Multidimensional Task Learning: A Unified Tensor Framework for Computer Vision Tasks
This work provides a foundational mathematical framework for understanding and designing computer vision tasks, potentially benefiting researchers and practitioners by offering a more expressive and unified approach.
This paper proposes Multidimensional Task Learning (MTL), a unified tensor-based framework using Generalized Einstein MLPs (GE-MLPs) that directly process tensors via the Einstein product. It demonstrates that common computer vision tasks like classification, segmentation, and detection are specific dimensional configurations within MTL, and this framework can express a strictly larger set of tasks than traditional matrix-based methods.

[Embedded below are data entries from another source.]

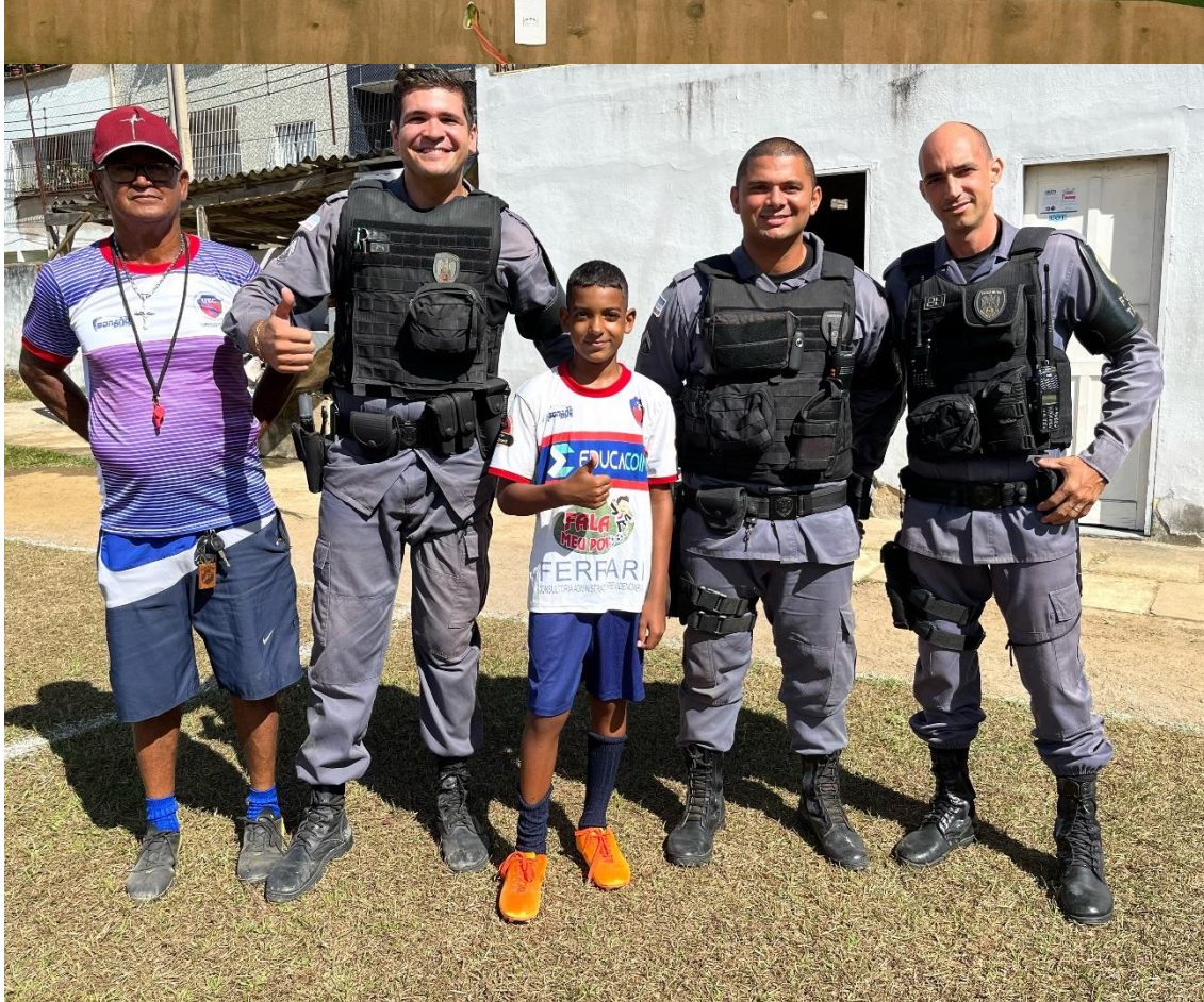
Fotos: A nossa participação junto a pastoral da Ecologia e o apoio da Polícia Militar.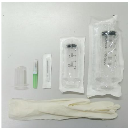
Figura 6 – seringas e agulhas descartáveis e luvas de procedimento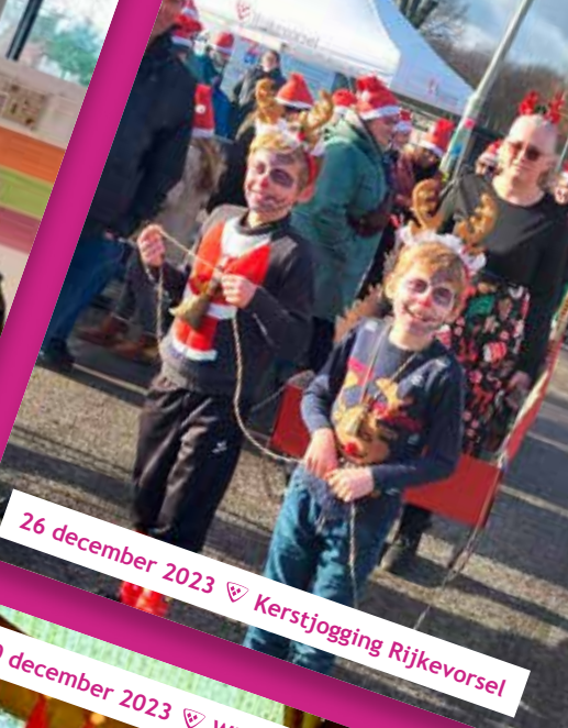
26 december 2023 ♡ Kerstjogging Rijkevorsel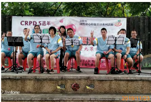
108年國際身心障礙者日 -「社區大眾同歡會」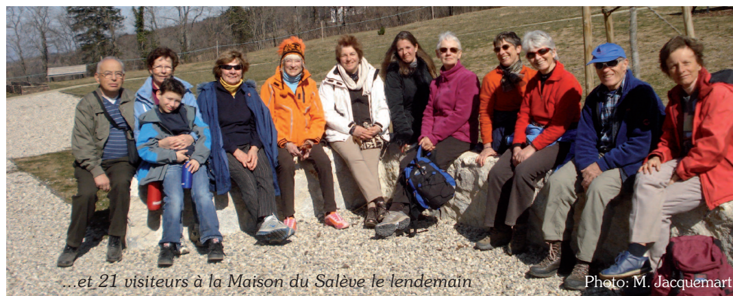
...et 21 visiteurs à la Maison du Salève le lendemain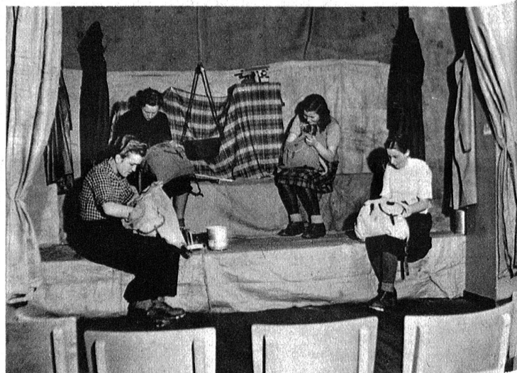
„Gottseidank, ändtliche nes schützens Dach über üsne Chöpfe.“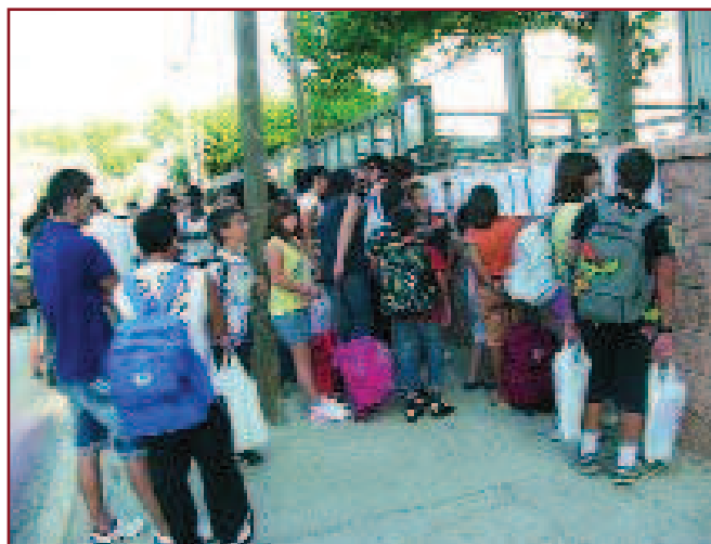
IMATGES DEL PRIMER DIA DEL CURS 2010-2011 A L'ESCOLA M. M. DOMINGO.

624 alumnes matriculats i manté el mateix nombre de docents dels darrers cursos. Igual que en el curs anterior, el centre compta amb tres línies per curs, amb una mitjana de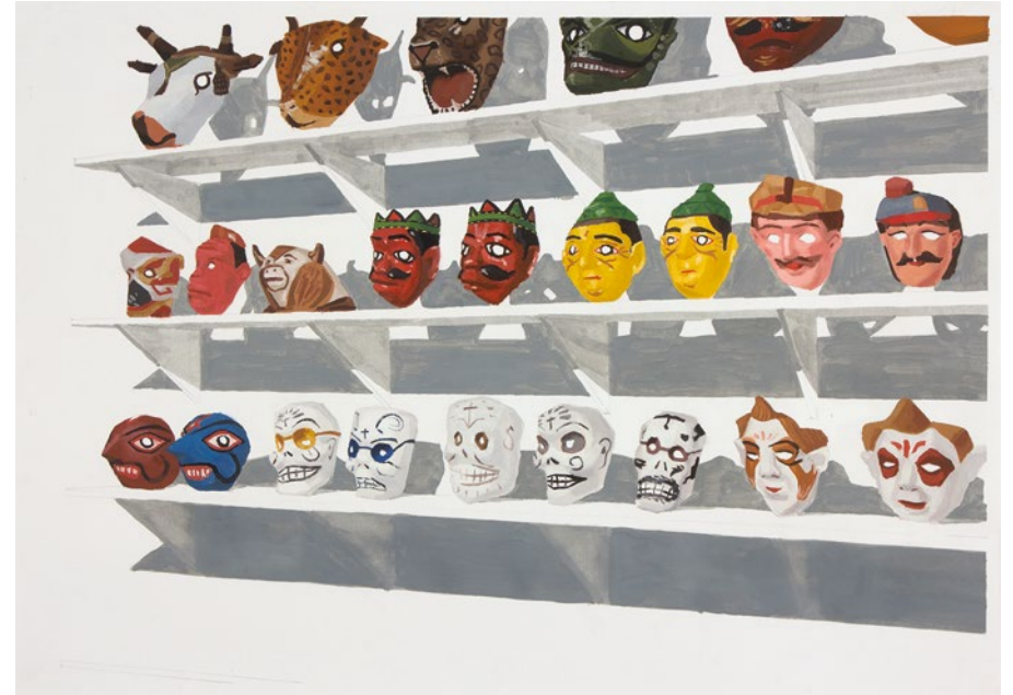
FACE TO FACE Marta Galindo Óleo/Papel. 99 x 74 cm. Adquirido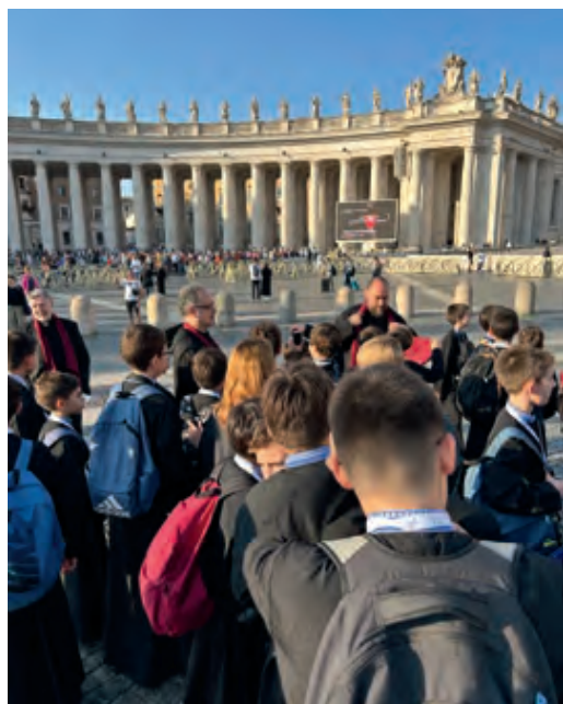
Aquesta vegada la saia va ser una bona credencial per accedir pels controls

Al final d'aquelles files hi érem els acompanyants de l'Escolania. Tots li vam poder donar la mà i a un servidor li va tocar per encàrrec de donar-li la medalla commemorativa de la Confraria, que va rebre amb atenció. I vaig aprofitar l'ocasió de tenir-lo allà per demanar-li si podia saludar els nois, que estaven asseguts just al nostre darrere. Per protocol no tocava, però no va dubtar gens a fer-ho.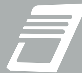
VELUX INTEGRA® termékek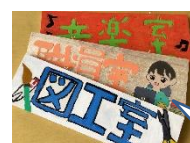
教室名の入った看板プレゼント!

後期の総合的な学習では、「ありがとう吉野小学校」をテーマに、各クラスで、感謝を伝えるために何ができるか、考えました。各クラスの取り組みの一部を紹介します。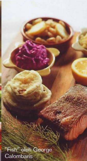
"Fish" oleh George Calombaris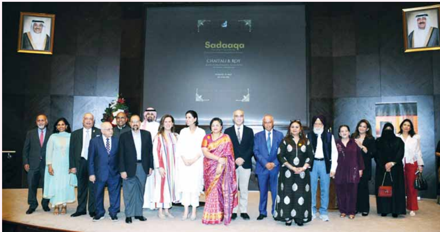
Cultural figures and diplomats gather at Kuwait National Library for official launch.

diplomatic community. Also present were leading Kuwaiti cultural personalities and several of the individuals featured in the book.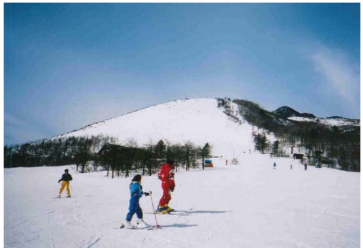
スキー場時代のキスゲ平

上記のような活動をおよそ 30 年継続してきたことで、激減したニッコウキスゲの数は徐々に回復し、近年では一面に咲くニッコウキスゲを見ることができるようになりました。しかしながら、最盛期の密度には遠く及ばないのが現状です。今の環境に満足せず、今後も継続的に活動を行っていけば、かつての風景を取り戻せると信じています。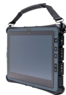
Мягкая ручка для переноски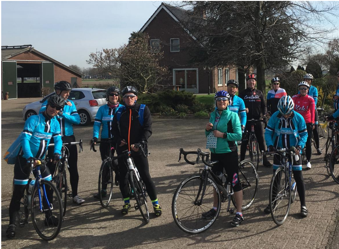
Start to Cycle 2018

Opgeven bij Herman Vissers familievissers@home.nl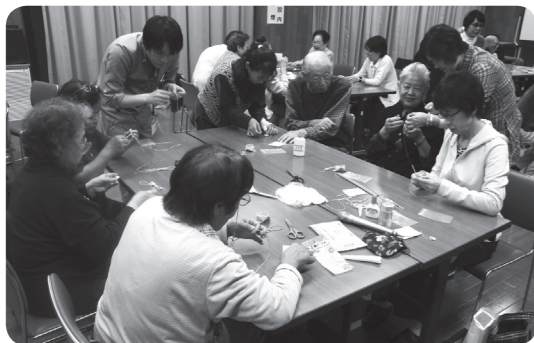
ふれあい手作り教室で5円玉を使ったストラップを作りました。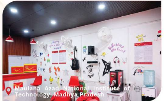
Maulana Azad National Institute of Technology, Madhya Pradesh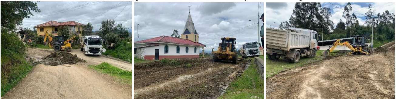
Foto 20: Programa de mantenimiento – Corazón de Jesús – San Jacinto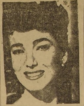
JULIA ADAMS es la encantadora rival de Piper Laurie en "La Octava Maldición", una extraordinaria película Universal-International en technicolor, que tiene por astro a Tyrone Power, y que va el jueves al Rex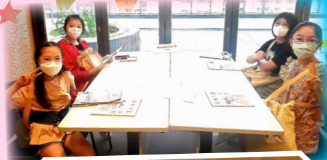
六年級同學組了隊伍參加全港即興創意寫作比賽，收穫豐富。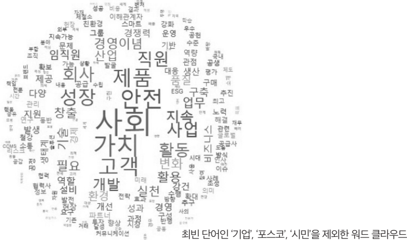
그림 3. 포스코 CCMS (Corporate Citizenship Management Standards) 단어 빈도수 분석결과

CSR, ESG, 기업시민 연구 주제별 텍스트마이닝 작업에 추가하여 본 연구팀은 기업시민을 경영이념으로 삼고 있는 포스코 임직원의 기업시민 실천 가이드인 CCMS (Corporate Citizenship Management Standards)가 어떤 키워드들로 구성이 되어 있는지를 단어 빈도 분석을 통해 살펴보았다. 그 결과는 아래 [그림 3]과 같다. CCMS에서 가장 빈번하게 등장하는 키워드들은 ‘사회’, ‘가치’, ‘안전’, ‘고객’, ‘제품’, ‘성장’, ‘활동’, ‘사업’, ‘직원’ 등 이었다 (최빈출 단어인 ‘기업’, ‘포스코’, ‘시민’은 CCMS내 에서 고유명사처럼 사용되고 있음을 고려하여 제외함). 이 밖에도 ‘지속’, ‘실천’, ‘변화’, ‘경영이념’, ‘품질’, ‘환경’, ‘생태계’, ‘강건’, ‘ESG’ 등도 주요 빈출 단어에 속해 있다.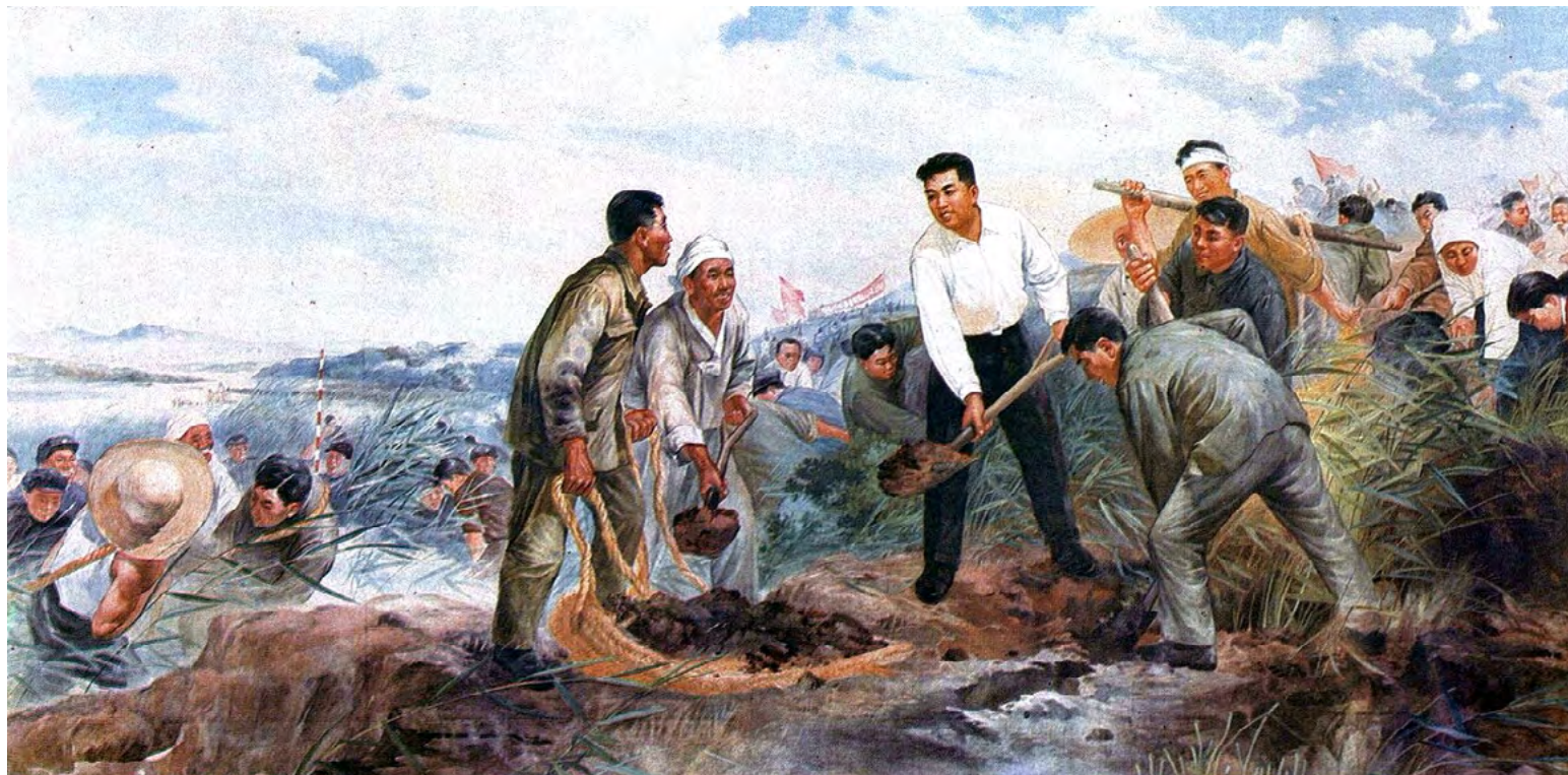
2. Чон Ёнман. Великий вождь товарищ Ким Ирсен делает первый взмах лопатой на месте работ по изменению русла реки Потхонган.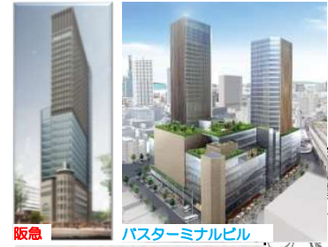
阪急 バスターミナルビル

凡例 整備完了 ■ 工事中 ■ 計画段階 ■ ■ 都市再生緊急整備地域 ■ 特定都市再生緊急整備地域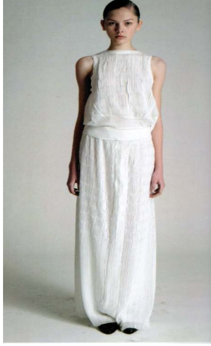
Figür 7. 1974, Calvin Klein tasarımı Figür 8. 2010, Calvin Klein tasarımı (Modanın tarihi 1900'den günümüze, Kerasus Yayınları, 2013, İstanbul, s.307.)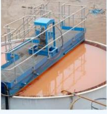
مكتف خام الحديد

التطبيقات في التعدين من أجل تحسين الكفاءة والإنتاجية: الفحم والحديد والزنك والنيكل وما إلى ذلك.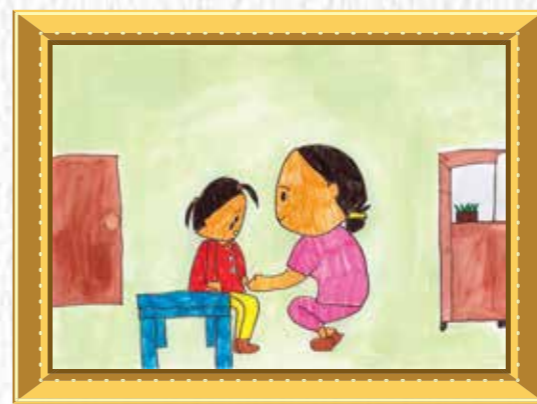
5年生 上田 蓮介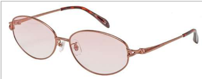
color1 F: オレンジ (ダークブラウンラメ) L: フェアマロン(78%)

YK 3048 材質 F:合金 T:合金 size:56□15-135 ↑38.5 00130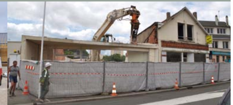
Déconstruction de l'Espace Culture

This paper introduces Multidimensional Task Learning (MTL), a unified mathematical framework based on Generalized Einstein MLPs (GE-MLPs) that operate directly on tensors via the Einstein product. We argue that current computer vision task formulations are inherently constrained by matrix-based thinking: standard architectures rely on matrix-valued weights and vectorvalued biases, requiring structural flattening that restricts the space of naturally expressible tasks. GE-MLPs lift this constraint by operating with tensor-valued parameters, enabling explicit control over which dimensions are preserved or contracted without information loss. Through rigorous mathematical derivations, we demonstrate that classification, segmentation, and detection are special cases of MTL, differing only in their dimensional configuration within a formally defined task space. We further prove that this task space is strictly larger than what matrix-based formulations can natively express, enabling principled task configurations such as spatiotemporal or cross modal predictions that require destructive flattening under conventional approaches. This work provides a mathematical foundation for understanding, comparing, and designing computer vision tasks through the lens of tensor algebra.